The basic table from vendor is an adjacency list that looks something
like this. This is pseudo code, so please no comments about data
element naming:
CREATE TABLE GENERIC_H
(
FREAKING_LONG_IDENTFIERvarchar(100)
,HIERARCHY_TYPE (varchar 20)
,ROOT varchar(40)
,NODE varchar(40)
,PARENT_NODE
)
ALTER TABLE GENERIC_H ADD CONSTRAINT GENERIC_H_PK PRIMARY KEY
(
FREAKING_LONG_IDENTFIER
,HIERARCHY_TYPE
,ROOT
,NODE
)
Some interesting notes:
1. Long (weak) primary key because not only does table have different
types of Hierarchies (second column), it also holds multiple
hierarchies of the same type (thus the ROOT_NODE_NM column, which
identifies that particular hierarchy within a given type)
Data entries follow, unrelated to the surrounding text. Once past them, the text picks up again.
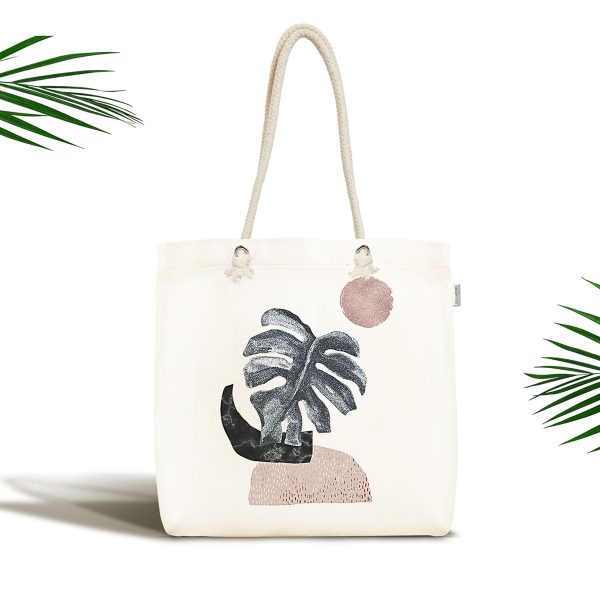 Sulu Boya Tropik Yaprak Desenli Özel Tasarım Modern Kumaş Plaj Çantası
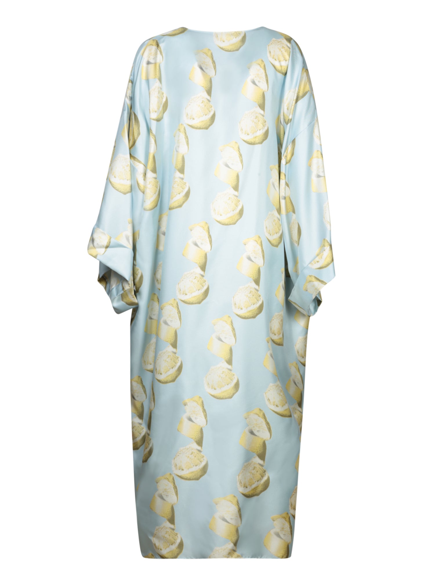 Long silk kaftan with lemon print. V-neck with decorative laces. Wide kimono-style sleeves.
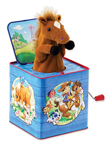 The Poppin' Pony Jack in the Box, a Schylling Original, from Schylling Toys the world leader in traditional toys and classic fun, will be sure to bring a smile to cowboys and cowgirls everywhere. The Jack in the Box has been bringing joy to children for generations. A simple turn of the handle plays a classic tune until the plush pony pops up, delighting a child. The tin box is decorated with embossed pony scenes that will entertain and engage. It's the perfect addition to every child's toy chest. For ages 18 months+.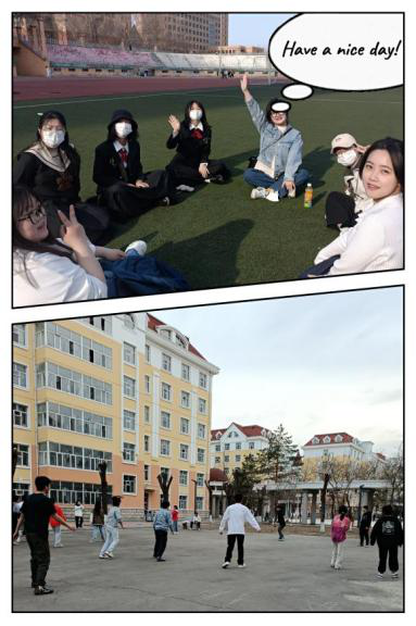 15:00,阳光正好铺满了操场,场上也十分热闹,有人在踢足球,比赛正如火如荼的进行着,不时传出或高兴或遗憾的喊声;有人在跑步,或是三三两两结伴而行,或是自己一个人在跑道上挥洒汗水;也有人和我们一样,和好友们围坐在一起,不同的是他们在丢手绢,而我们开始了狼人杀。美中不足的是我们坐的位置有点惊险,总担心要被足球“光顾”。玩了几局后,有学妹就提议去丢沙包,恰好袁梦茜书包里就有一个,真是天时地利人和。
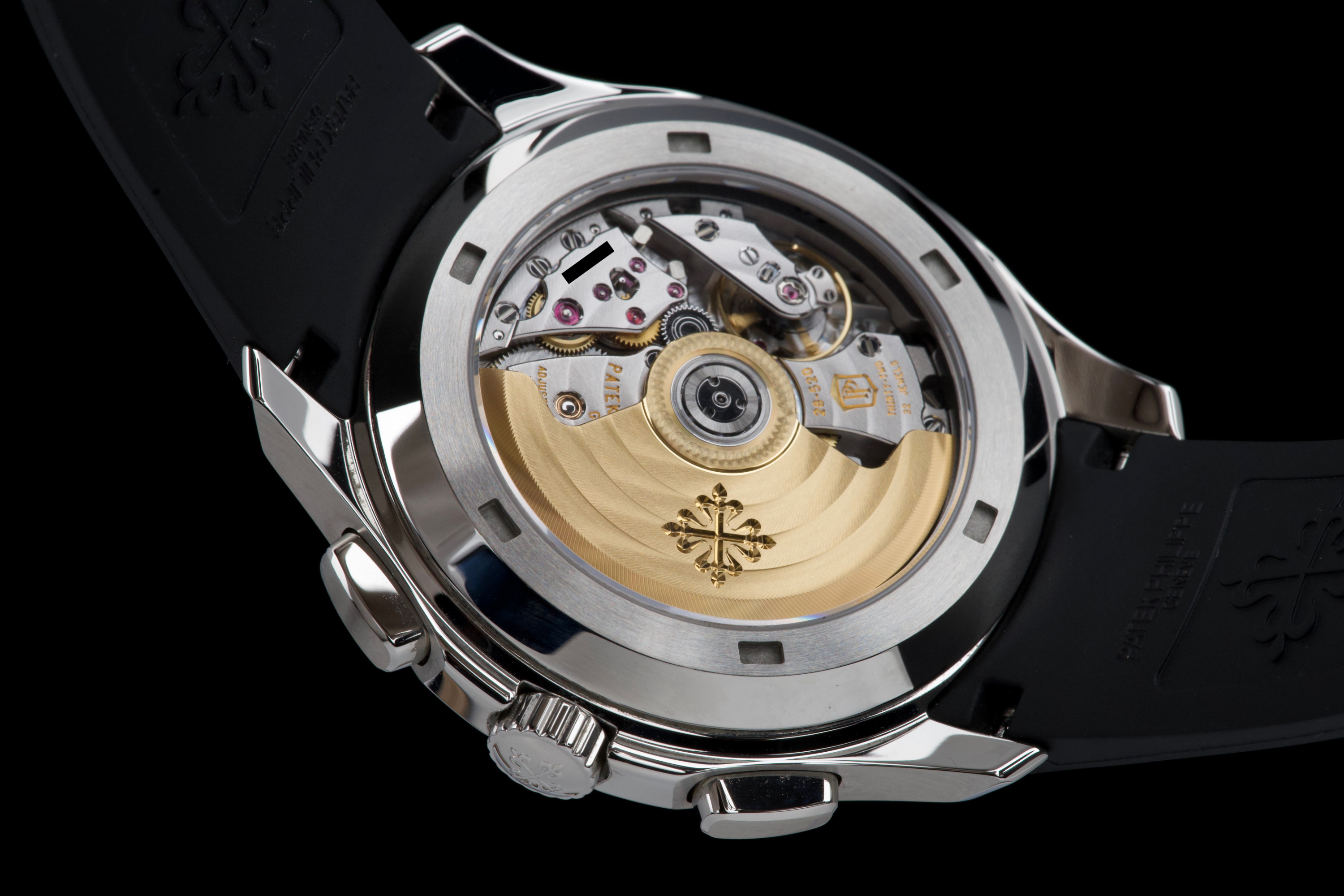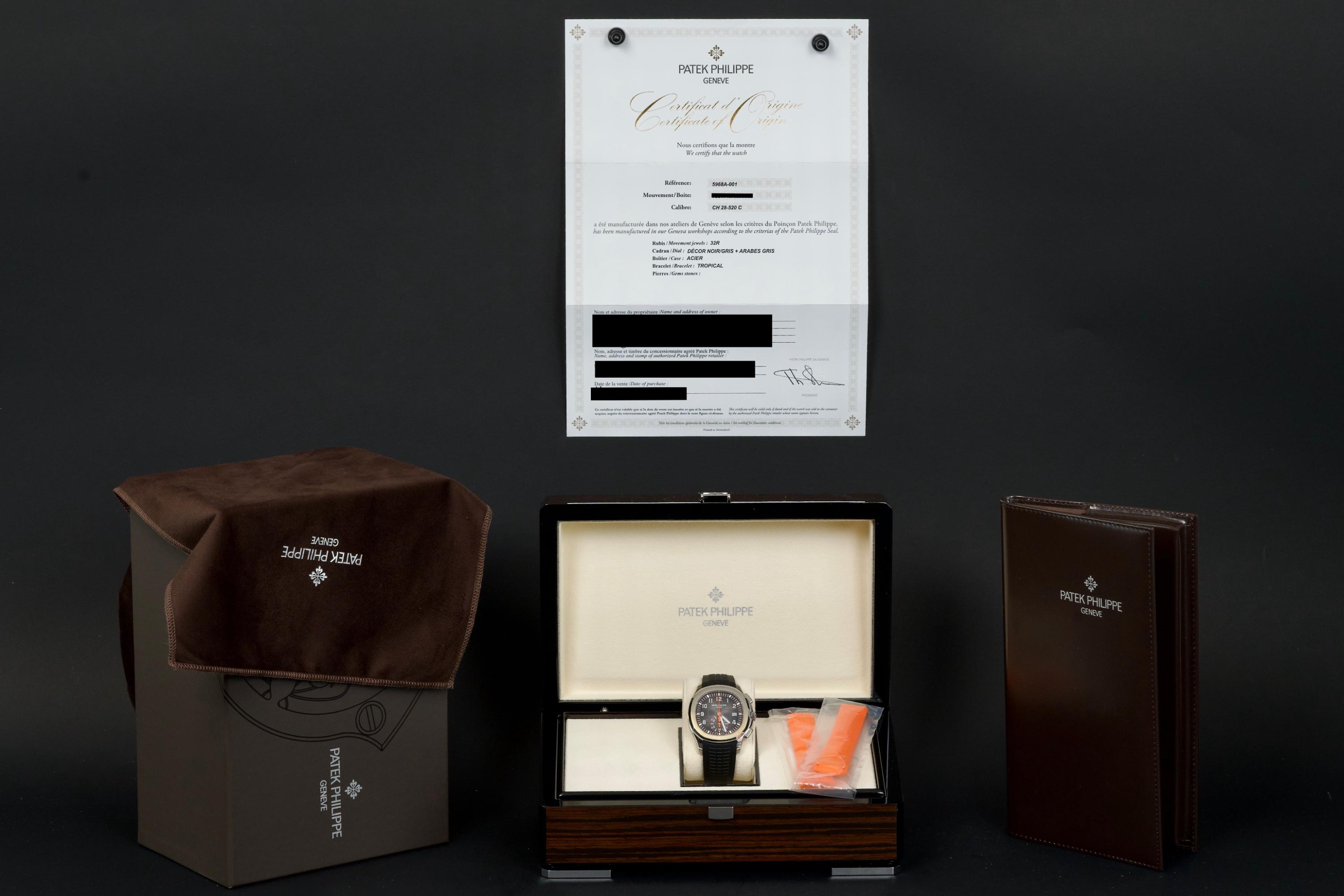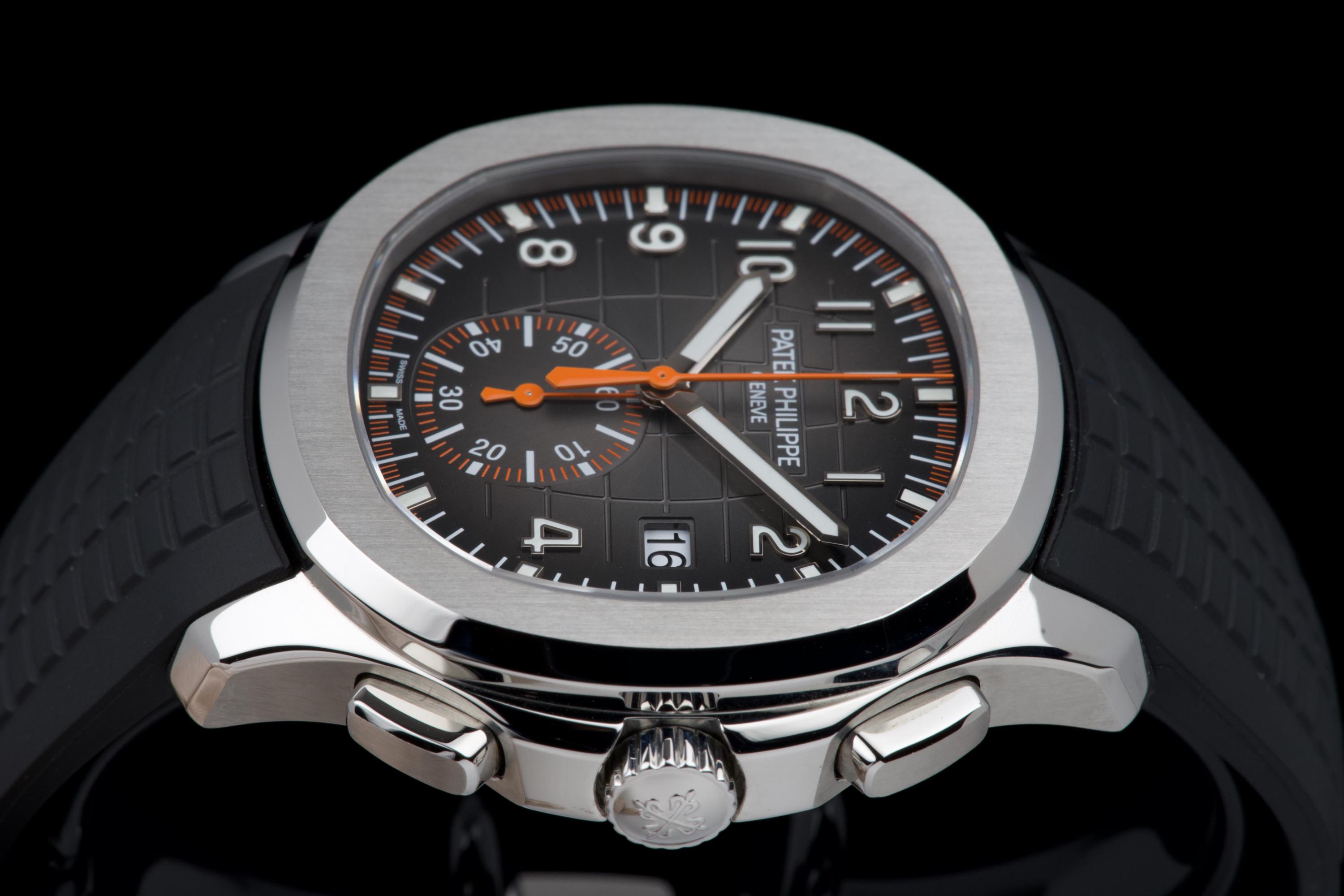 An exceptional example of the Patek Philippe Aquanaut Chronograph reference 5968A-001, presented in mint, unworn condition. Crafted in stainless steel, this model features the embossed black dial with orange chronograph accents and comes with both black and orange composite rubber straps. Powered by the automatic Patek Philippe caliber CH 28-520 C, offering flyback chronograph functionality and visible through the sapphire caseback. Complete with its full 2023 set, including box, warranty card, booklets, and accessories. A highly desirable modern Aquanaut — sporty, contemporary, and in flawless collector condition.

2. The same child (NODE_NM) can belong to more than one parent
(PARENT_NODE_NM), becuase the table has more than one hierarchy per
type.
I have to traverse this structure all the time to pick up all the
descendants for a given hierarchy type and particularly hierarchy
(e.g. Root Node) within that type, starting at any node that the user
specifies.
I created another column of SQL server heirarchyID datatype with a CTE
to make it easier to traverse the tree instead of running the CTE
every time someone wants all the descendants of a particular node.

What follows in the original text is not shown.